For the listing below, output exactly the lines from the line with "Restoran uz cestu Pokhara - Damauli" up to and including the line with "u kamenu ogradu, odbila", and no other lines.

◆ Dataset ◆
:::

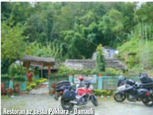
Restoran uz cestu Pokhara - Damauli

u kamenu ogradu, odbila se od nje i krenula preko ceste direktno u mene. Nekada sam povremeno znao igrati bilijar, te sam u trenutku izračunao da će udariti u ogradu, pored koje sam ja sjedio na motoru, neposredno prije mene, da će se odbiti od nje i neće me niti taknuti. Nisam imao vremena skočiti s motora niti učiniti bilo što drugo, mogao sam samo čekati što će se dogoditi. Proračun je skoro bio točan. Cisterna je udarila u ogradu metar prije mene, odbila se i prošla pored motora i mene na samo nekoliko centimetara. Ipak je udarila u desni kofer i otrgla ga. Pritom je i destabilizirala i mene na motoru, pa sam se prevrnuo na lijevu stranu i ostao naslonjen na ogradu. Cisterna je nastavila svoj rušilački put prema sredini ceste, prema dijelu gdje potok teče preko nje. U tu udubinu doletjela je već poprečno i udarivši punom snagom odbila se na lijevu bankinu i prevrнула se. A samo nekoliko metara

:::

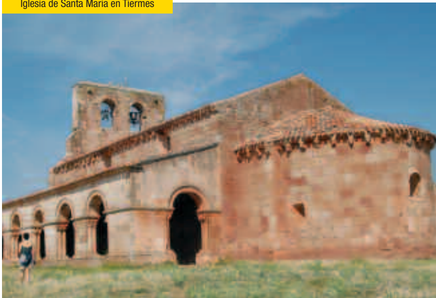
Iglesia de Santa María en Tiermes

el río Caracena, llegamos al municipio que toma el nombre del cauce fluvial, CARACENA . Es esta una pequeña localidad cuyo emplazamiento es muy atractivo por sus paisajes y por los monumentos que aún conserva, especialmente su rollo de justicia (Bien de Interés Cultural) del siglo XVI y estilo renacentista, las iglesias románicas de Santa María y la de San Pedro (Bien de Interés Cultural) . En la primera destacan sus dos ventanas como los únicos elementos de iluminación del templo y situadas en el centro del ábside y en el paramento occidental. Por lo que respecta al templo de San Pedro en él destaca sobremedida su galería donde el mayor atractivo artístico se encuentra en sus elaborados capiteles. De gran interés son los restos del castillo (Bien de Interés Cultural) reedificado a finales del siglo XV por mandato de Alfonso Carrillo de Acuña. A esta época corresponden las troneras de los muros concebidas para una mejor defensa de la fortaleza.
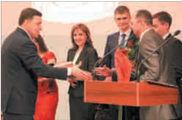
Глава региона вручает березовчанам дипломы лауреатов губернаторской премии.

:::

◆ Response to the exercise ◆
Restoran uz cestu Pokhara - Damauli

u kamenu ogradu, odbila se od nje i krenula preko ceste direktno u mene. Nekada sam povremeno znao igrati bilijar, te sam u trenutku izračunao da će udariti u ogradu, pored koje sam ja sjedio na motoru, neposredno prije mene, da će se odbiti od nje i neće me niti taknuti. Nisam imao vremena skočiti s motora niti učiniti bilo što drugo, mogao sam samo čekati što će se dogoditi. Proračun je skoro bio točan. Cisterna je udarila u ogradu metar prije mene, odbila se i prošla pored motora i mene na samo nekoliko centimetara. Ipak je udarila u desni kofer i otrgla ga. Pritom je i destabilizirala i mene na motoru, pa sam se prevrnuo na lijevu stranu i ostao naslonjen na ogradu. Cisterna je nastavila svoj rušilački put prema sredini ceste, prema dijelu gdje potok teče preko nje. U tu udubinu doletjela je već poprečno i udarivši punom snagom odbila se na lijevu bankinu i prevrнула se. A samo nekoliko metara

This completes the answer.